__PROBLEM REQUIREMENTS__
Starting at the first line of the entries, extract each line up to and including the one that contains "วันที่ 10 กุมภาพันธ์", but leave out the pictures.
════════════════
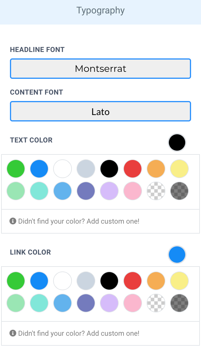 To make sure all fonts chosen are consistent throughout the funnel, use the Typography tab under the Overall Funnel Settings to choose the native Headline and Content fonts that will be used throughout the funnel.
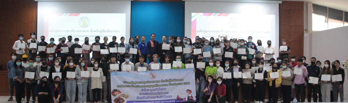 วันที่ 10 กุมภาพันธ์ 2566 อบรมหลักสูตรการสุขาภิบาลอาหาร สำหรับผู้สัมผัสอาหารตามโครงการเฝ้าระวังและควบคุมสุขาภิบาลอาหารปีงบประมาณ 2566
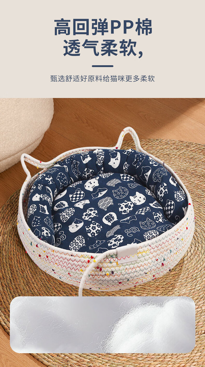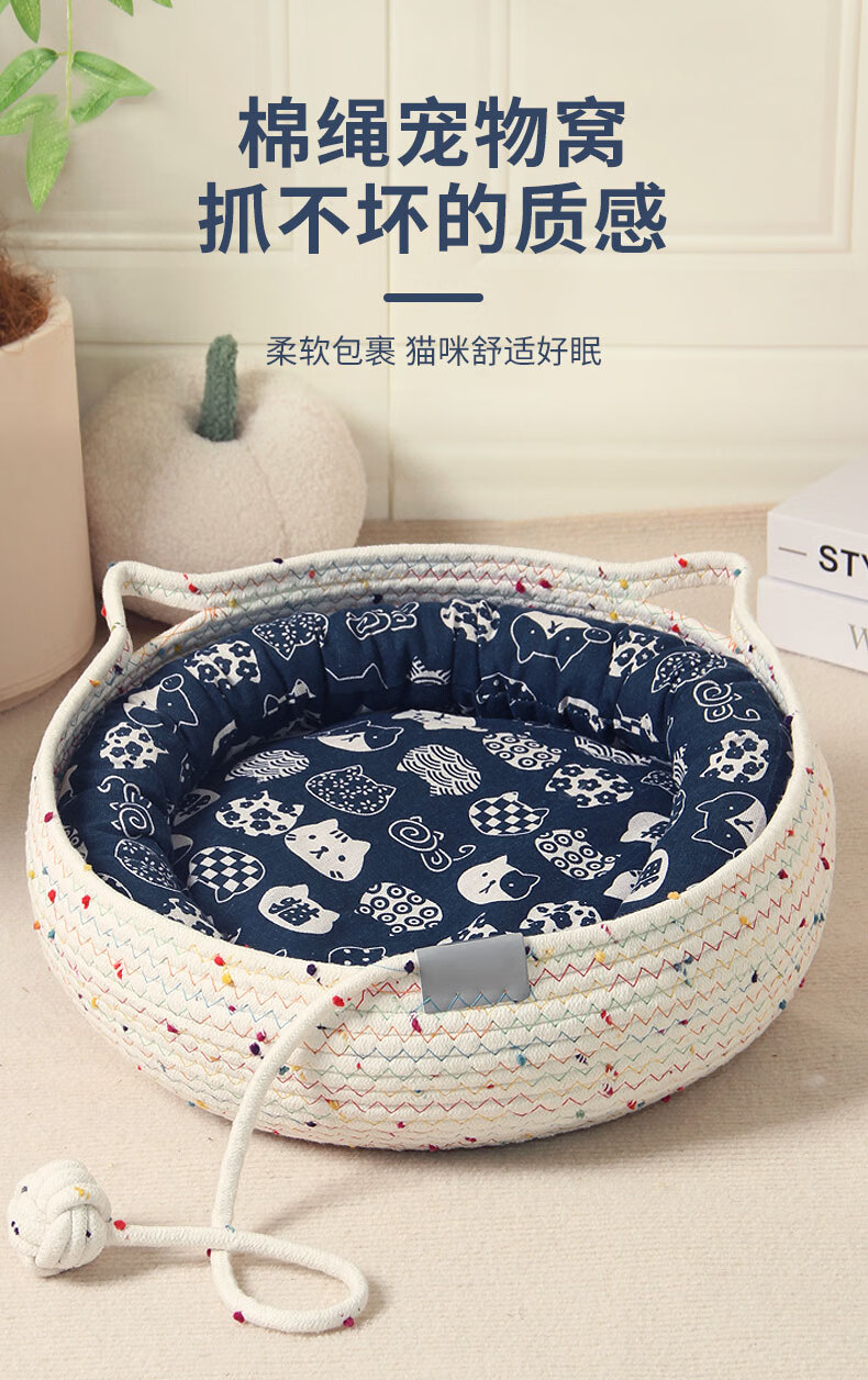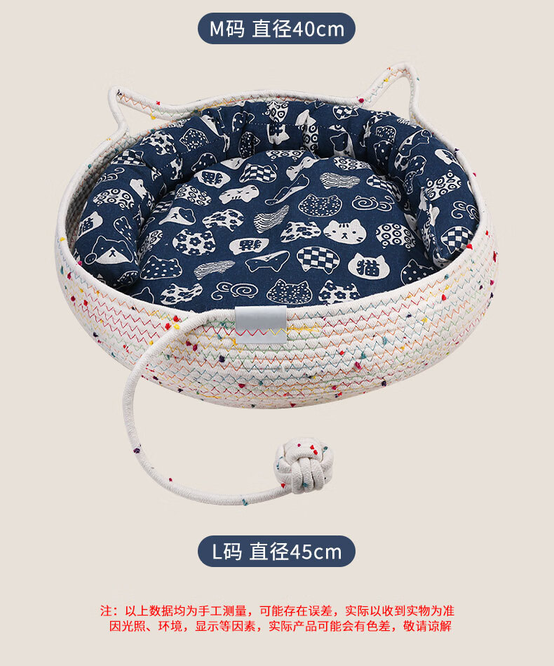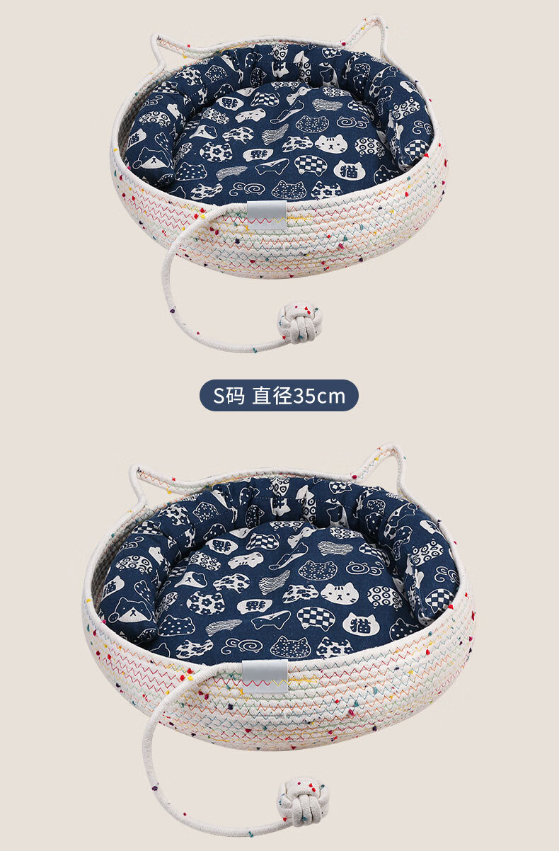 Cute Star Pet Cat and Dog Nest Pet Cat Sleeping Mat Comfortable and Warm Teddy Small Dog Mat Cotton Rope Braided Size L
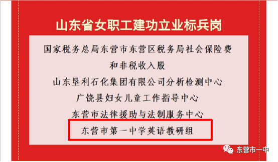 教研组长尹国红是山东省教学能手、东营名师、东营市学科带头人,东营市科研骨干,同时也是山东省“跟进式指导教师”骨干教师团队成员,省中小学教师培训“优秀指导教师”,市“高中英语教学教研”评选工作专家,市高中英语兼职教研员;骨干教师庞玲获山东省优质课一等奖;赵淑丽获山东省微课评比一等奖,魏芳芳获市一等奖;丁玲等2人获东营市“学科带头人”称号;周芳芳等10人获“东营市教学能手”称号,吴萍萍等6人获“山东省高考优秀阅卷员”称号;程德芸等12人获东营市优质课一等奖;刘婷婷等8人获东营市优课一等奖;华秀梅等11人次执教全市高三复习观摩课,李雅媛等9人次在全市做高三备考经验分享;庞玲等3人被聘为东营市高中英语兼职教研员。97人次被学校评为高考功勋教师、优秀教师、最受学生欢迎的老师、最让群众满意的党员等。另外,41人在各级学术期刊发表论文90余篇,18人在市级以上论文评比获市一等奖。
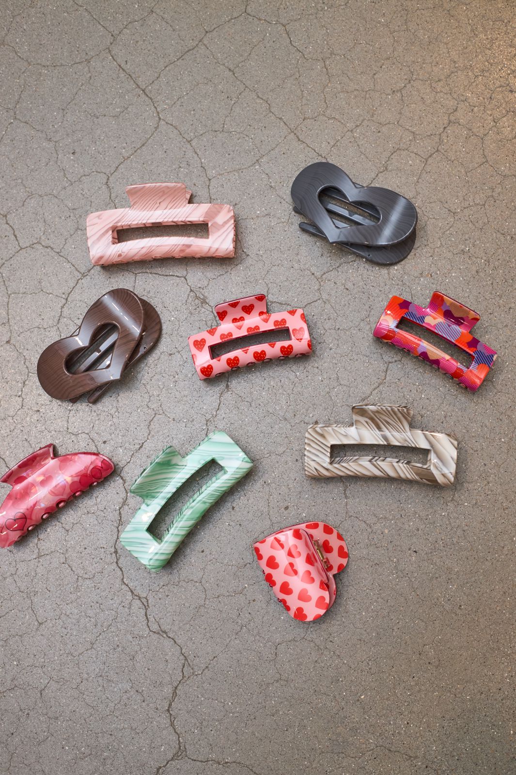 Haarspange von Black Colour in Grau mit einem herzförmigen Design und einer glatten, glänzenden Oberfläche. Die Spange hat eine zentrale Öffnung in der Herzform.
════════════════
__RESULT FOR THIS EXERCISE__
 To make sure all fonts chosen are consistent throughout the funnel, use the Typography tab under the Overall Funnel Settings to choose the native Headline and Content fonts that will be used throughout the funnel.
 วันที่ 10 กุมภาพันธ์ 2566 อบรมหลักสูตรการสุขาภิบาลอาหาร สำหรับผู้สัมผัสอาหารตามโครงการเฝ้าระวังและควบคุมสุขาภิบาลอาหารปีงบประมาณ 2566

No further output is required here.